I was always deeply shattered by every single failure going on my way. How could I consider it as a blessing when my life was falling apart? I would have to be crazy to tell you it was all right for me.
I was fed up seeing people always succeeding and seeing myself always failing. I was fed up seeing myself always making millimeter steps into many different directions and seeing other people always running straight to the stars.
The more difficult, the better lesson.
With the course of the time, it became obvious that my failures don’t happen without a purpose. It was either me who didn’t change and stuck to a vicious circle or life who wanted to push me toward a new path. It became obvious that the more difficult it gets, the more life wants to teach me at the final stage.
The question was what did life want to teach me?
Failure 1. Never assume it will go easy.
Expect the best, but be prepared for the worse. Whether there’s a small chance something will go wrong, I prepare myself for all possible scenarios. I already know that getting the hit straight into my face might be devastating if it lacks of proper training.
I was not prepared for any negative surprises in my life. Afterward, it took years to recover from them. Just because I was foolish to believe I can be untouchable.

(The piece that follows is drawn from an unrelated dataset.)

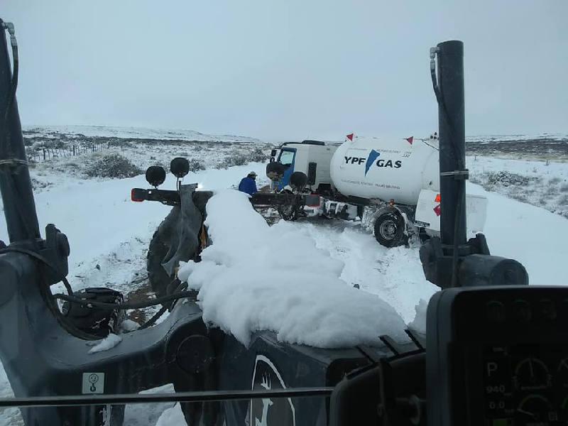 En el paraje los vecinos salieron a recibir a las máquinas y los camiones de GLP con aplausos dado que de ellos dependía el reabastecimiento del gas para combatir la intensa ola polar.

How can you prepare yourself for the worst scenario?
- Keep reassuring yourself that whatever happens, you will deal with it
- If you don’t fail at least once, you don’t succeed
- There’re people who have already gone through the same. Learn by example how to overcome obstacles
- Pray. You’re not alone.
- Fail better and better
- Get a plan B
Failure 2. What doesn’t kill you makes you stronger.
In a countless number of times, I was sure it was over. I didn’t believe I could get out of that shit. I felt ashamed, I felt hopeless, I felt helpless. I knew I screwed up my chance. I knew I could not turn back time.

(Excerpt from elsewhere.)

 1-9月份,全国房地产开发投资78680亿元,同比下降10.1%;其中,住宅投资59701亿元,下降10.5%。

A woman is like a tea bag – you can’t tell how strong she is until you put her in hot water.
I’ve never considered myself being strong. Until my failures showed me a completely different person than I thought I was. I discovered a great capacity not only to survive but also to start over my efforts. To try differently. To believe in myself one more time.
Failure 3. It must take time to heal.
I cannot say my failures didn’t hurt me and that I was able to take them in the cold light of the day. They hurt me to the core. And they made me analyze, relive and overthink what happened a billion times. At that point, I would never believe time can do anything with it. At that time I would rather believe that my regret aggravates every next day of my life. While it was the opposite. Every next day of my life proved that time heals and it must take time to heal. It requires regular self-forgiveness for not being perfect, for not knowing everything, for not making good decisions.